Peshawar - Despite payment controversies between the Khyber Pakhtunkhwa (KP) government and the State Life Insurance Corporation of Pakistan (SLICP), treatment under the “Sehat Card Plus’ (SCP) programme has continued, free-ofcharge medical and surgical healthcare services were being provided to patients irrespective of their financial position.
“I was dangling between life and death and not sure about my survival when I faced a heart attack while eating my dinner in Kohat. I felt severe pain in my chest and was rushed to Liauqat Memorial Hospital where doctors gave me initial treatment and immediately referred me to Peshawar for further treatment,” said Jamal- ud-Din, a heart patient of Kohat district while narrating his ordeal to APP.
“The situation was serious and I was out of cash due to the market situation and loss of work in a computer shop. When I was on my way to the hospital in semiconscious condition, my prime concern was how my cashstripped family would bear the burden of costly treatment events in a public sector hospital,” he said.
“However, my worries were evaporated when my family member, who was accompanying me to Peshawar informed me about the free healthcare facilities being provided to needy and poor patients under the ‘Sehat Card Plus’ which he termed a milestone achievement to help out patients that are unable to bear financial expenses to treatment.”
The SCP programme was launched by the previous government under a social protection initiative in December 2015, which initially covered free medical, diagnostic, and surgical treatment of about 50 percent population of the province.
“Treatment under SCP continued in KP despite financial crunch and around 9.7 million families benefited from the incentive costing Rs 30 billion in the second phase,” said Dr Riaz Tanoli, Chief Executive Officer, of SCP Program KP while talking to APP.
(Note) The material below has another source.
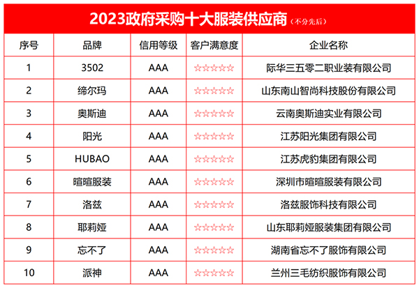 “2023政府采购十大服装供应商”榜单的发布,无疑为整个服装行业注入了新的活力,也为政府采购市场需求各方提供了更加可靠的依据参考。随着政府采购需求升级和采购制度不断完善,想在激烈的市场竞争中立于不败之地,企业必须始终坚持创新驱动、质量为本的发展理念,不断提高产品质量和服务水平,提升自身的核心竞争力和品牌影响力,为政府采购市场和采购单位带来更加美好的着装体验。具体名单如下:

In the first phase, he said about 2.3 million people availed of free treatment facilities, and Rs6 billion were spent on their medical treatment. The programme caters to around one million needy families and has provided free treatment to approximately 2.5 million patients so far. The annual financial implications of the programme are about Rs33 billion, and the government intermittently disburses Rs2 billion to sustain its operation.
Primarily, the programme was launched in Kohat, Mardan, Malakand and Chitral districts wherein as many as 1.8 million poor households (approximately 150 million people) were entitled to get free medical treatment up to Rs540,000 at designated hospitals of the province.
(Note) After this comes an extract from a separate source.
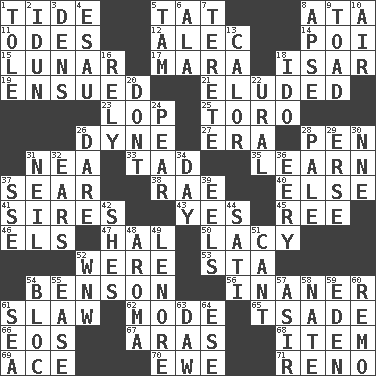 ACROSS 1. Event that recurs at intervals 5. Make lace 8. _ moment's notice (2 wds.) 11. Lyric poems 12. Actor Baldwin 14. Luau course 15. Type of eclipse 17. Hindu Mythology: god of death 18. Austrian river, tributary to the Danube 19. Took place subsequently 21. Dodged 23. Chop off 25. "Corrida" creature 26. Centimeter-gram-second unit of force 27. Period 28. Animal enclosure 31. Teachers' org. 33. Small boy 35. Acquire or gain knowledge or skills 37. Burn superficially 38. Actress Charlotte 40. Otherwise 41. Fathers 43. It is so 45. To separate or throw off 46. Raised railways 47. Actor Linden 50. Made of lace 52. We are 53. R.R. building 54. Gillaume's butler role 56. Sillier 61. Cole _ (cabbage dish) 62. Method 65. Sadhe (variant) 66. Greek goddess of the dawn 67. Ancient river in northeast Turkey 68. Detail 69. Adept person 70. She-sheep 71. Former U.S. Attorney General Janet DOWN 1. Lacquered or enameled metalware 2. Goddess of spring and wife of Bragi 3. Lairs 4. Son of Isaac 5. Scottish cap 6. Chicken ___ king 7. Cigar-shaped 8. Domed church section 9. Frog relative 10. Atmosphere 13. Bodily heat indicating an inflammation 16. Have trust in 18. Wedding promise 20. Do not 22. Mountain range 24. Lightbulb-shaped fruit 26. Have the gumption 28. Diluted with white 29. Celtic language 30. Compass dir. 31. Famous astronaut Armstrong 32. Hearing organs 34. 24 hours 36. Suggestive of the supernatural 37. Compass dir. 39. Snakelike fish 42. "______ My Girl" (Turtles hit) 44. Suttee (variant) 48. Odor 49. Poe poem 51. Patter 52. Compass dir. 54. Alliance 55. Relaxation 57. SW Saudi Arabia district 58. Nathan's nickname 59. Locale of original sin 60. San ____ (Riviera town) 61. Ocean 63. Fool 64. Compass dir.

Later in February 2019, the programme was extended across the country including all districts of Khyber in its second phase with a target to provide free treatment including surgeries and medicines up to Rs1 million to each family of over 80 million people at 1000 designated hospitals.
“The programme initially covered three percent of the population in four districts in 2015 and later extended to 51pc, 70pc and 100 percent population of the province till November 2019 in three different phases respectively,” Dr Tanoli said.